I had mentioned earlier that I had tried eliminating the i830WaitSync calls, but hadn't noticed any performance change. Well, one problem was that I had edited the files on the wrong machine, (I'm still not a true X hacker since I'm not totally in the groove of the two-machine debugging yet). It certainly did make a difference when I removed these calls from the code actually executing, (all the text appears in arbitrary colors, giving me more psychedelia than I actually need on my desktop). But the performance really didn't improve at all.

Then I received a very helpful email from Roland Dreier, (thanks Roland!), cluing me in to opannotate.
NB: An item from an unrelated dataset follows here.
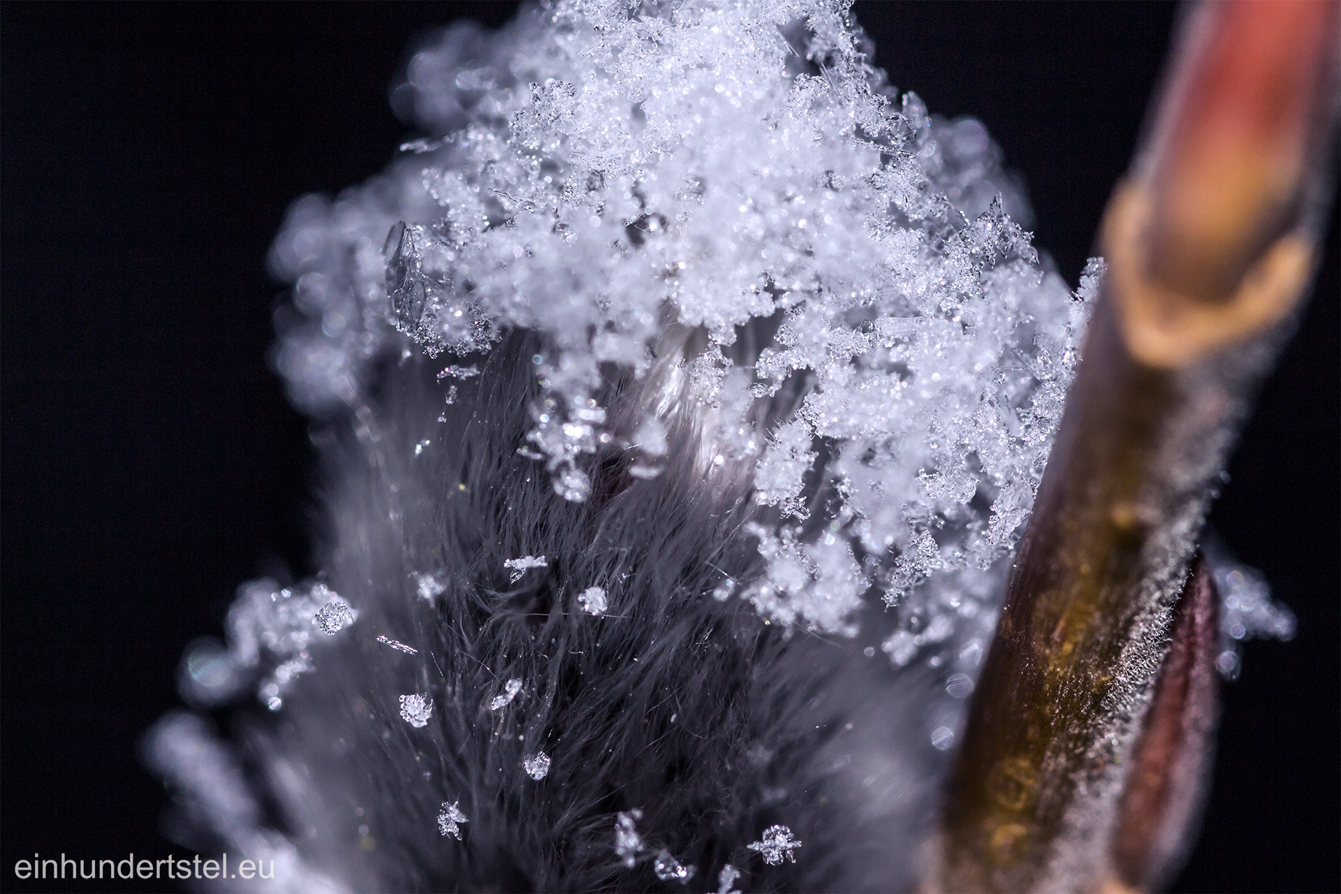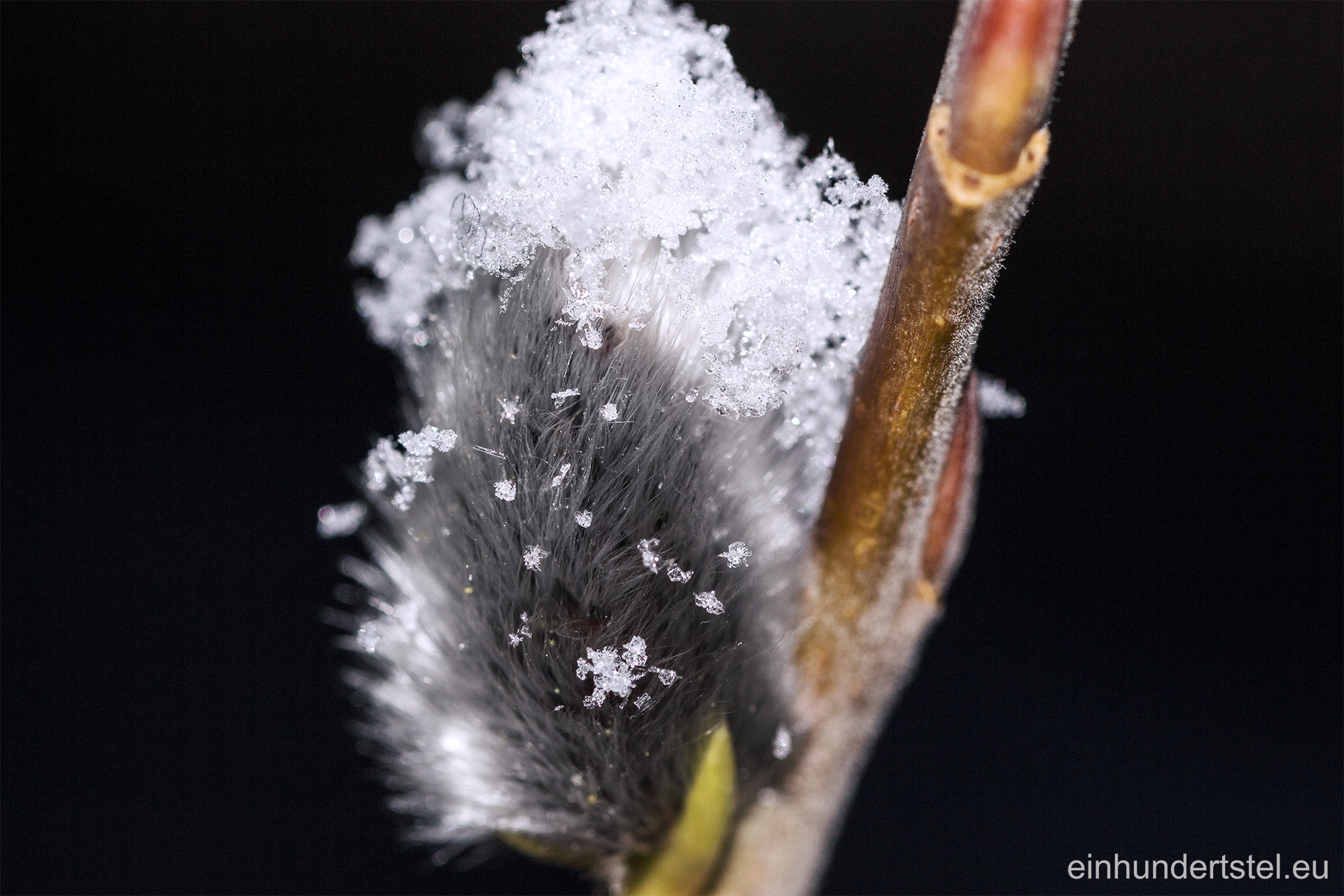 Deshalb habe ich die Weidenkätzchen dann aus lauter Frust mit dem Blitzlicht fotografiert. Ohne Blitz waren sie ständig verwackelt. Stativ hatte ich keins dabei und den ISO hatte ich schon so hoch gestellt, dass im Foto das starke Rauschen überwiegt hat.

The results I had posted before were from opeport which gives profiling reports with function-level granularity. The opannotate utility gives a similar report, but at the granularity of either lines of source code or assembly instructions.
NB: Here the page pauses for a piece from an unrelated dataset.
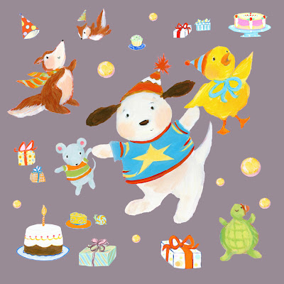 Below is Jumpin' for Joy, a design for gift wrap, cards, napkins, etc. I recently had a fabric sample printed by Spoonflower They do great work!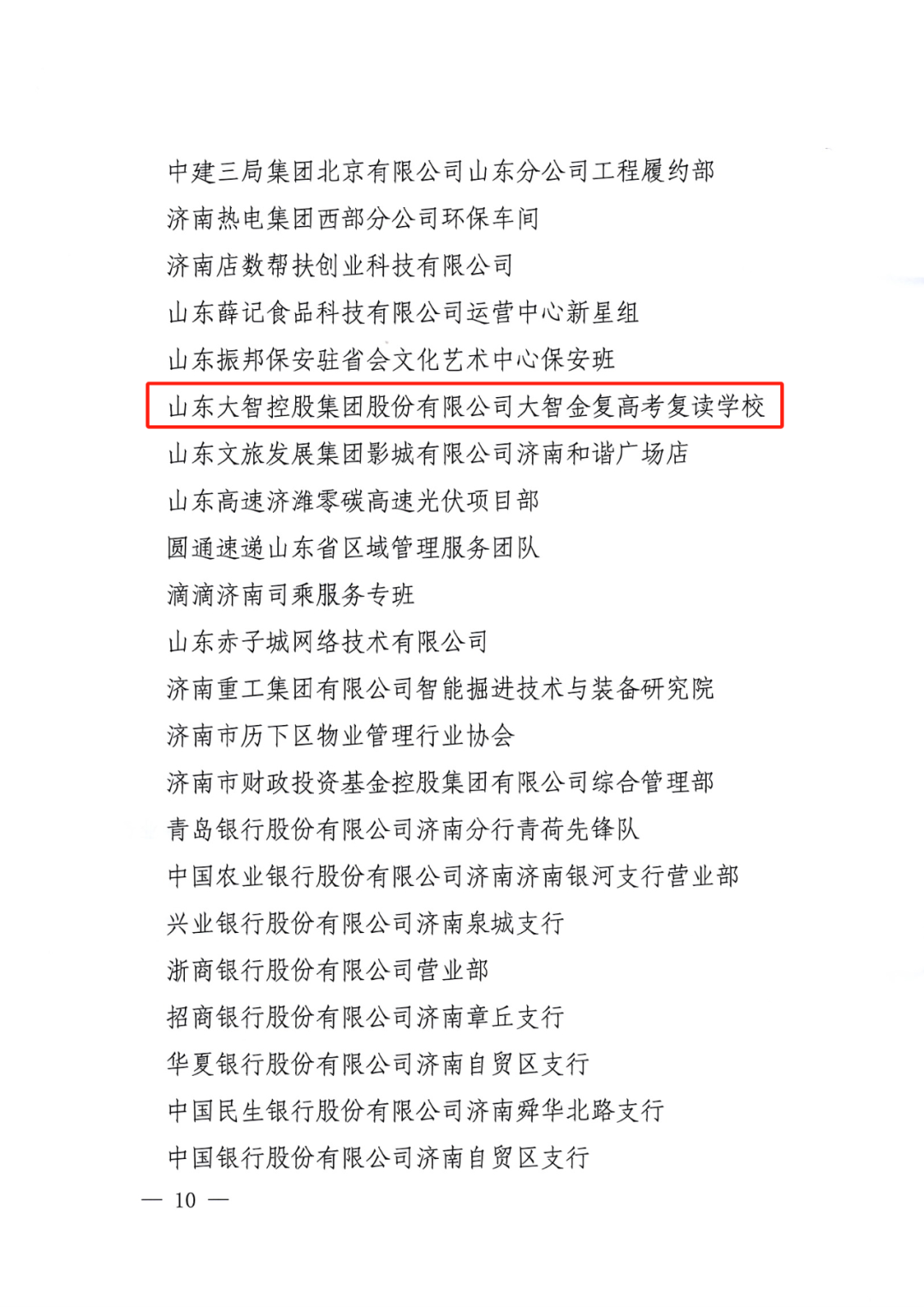 大智金復(fù)高考復(fù)讀學(xué)校榮獲2022-2023年度濟(jì)南市青年文明號(hào)榮譽(yù)稱(chēng)號(hào)

So these reports make it clear that sometimes there is more going on than meets the eye by simple examination of the source code. For example, much of the i965_prepare_composite function looks like simple assignments such as these:

memset (cc_viewport, 0, sizeof (*cc_viewport));
cc_viewport->min_depth = -1.e35;
cc_viewport->max_depth = 1.e35;

/* Color calculator state */
memset(cc_state, 0, sizeof(*cc_state));
cc_state->cc0.stencil_enable = 0;   /* disable stencil */
cc_state->cc2.depth_test = 0;       /* disable depth test */

But now take a look at the same assignments annotated by opannotate. The first two columns are sample counts and percentage of total time attributed to each line of code, (recall that we're trying to determine why i965_prepare_composite is using more than 25% of the total time in the test):

  274  0.0098 :    memset (cc_viewport, 0, sizeof (*cc_viewport));
  124  0.0044 :    cc_viewport->min_depth = -1.e35;
  122  0.0044 :    cc_viewport->max_depth = 1.e35;
              :
              :    /* Color calculator state */
  861  0.0307 :    memset(cc_state, 0, sizeof(*cc_state));
18559  0.6623 :    cc_state->cc0.stencil_enable = 0;   /* disable stencil */
17836  0.6365 :    cc_state->cc2.depth_test = 0;       /* disable depth test */

Clearly, not all assignments are created equal as the final two assignments are a couple of orders of magnitude slower than the first two. For a closer look, here's a chunk of the annotated assembly code showing some very expensive operations:

              :    cc_state->cc2.depth_test = 0;       /* disable depth test */
              :    cc_state->cc2.logicop_enable = 0;   /* disable logic op */
              :    cc_state->cc3.ia_blend_enable = 1;  /* blend alpha just like colors */
              :    cc_state->cc3.blend_enable = 1;     /* enable color blend */
    1 3.6e-05 :   33277:    movzbl 0xd(%ecx),%eax
18168  0.6484 :   3327b:    andb   $0x7f,0x3(%ecx)
17836  0.6365 :   3327f:    andb   $0x7f,0x9(%ecx)
12306  0.4392 :   33283:    andb   $0xfe,0x8(%ecx)
 7307  0.2608 :   33287:    or     $0x30,%eax

So, we've got some bitfields being used here. Is this uncached memory that's causing it to be so expensive?

If I'm as fortunate as I was with my last post, hopefully someone will drop a handy note into my inbox telling me how to make this function go blisteringly fast. I'm really looking forward to that.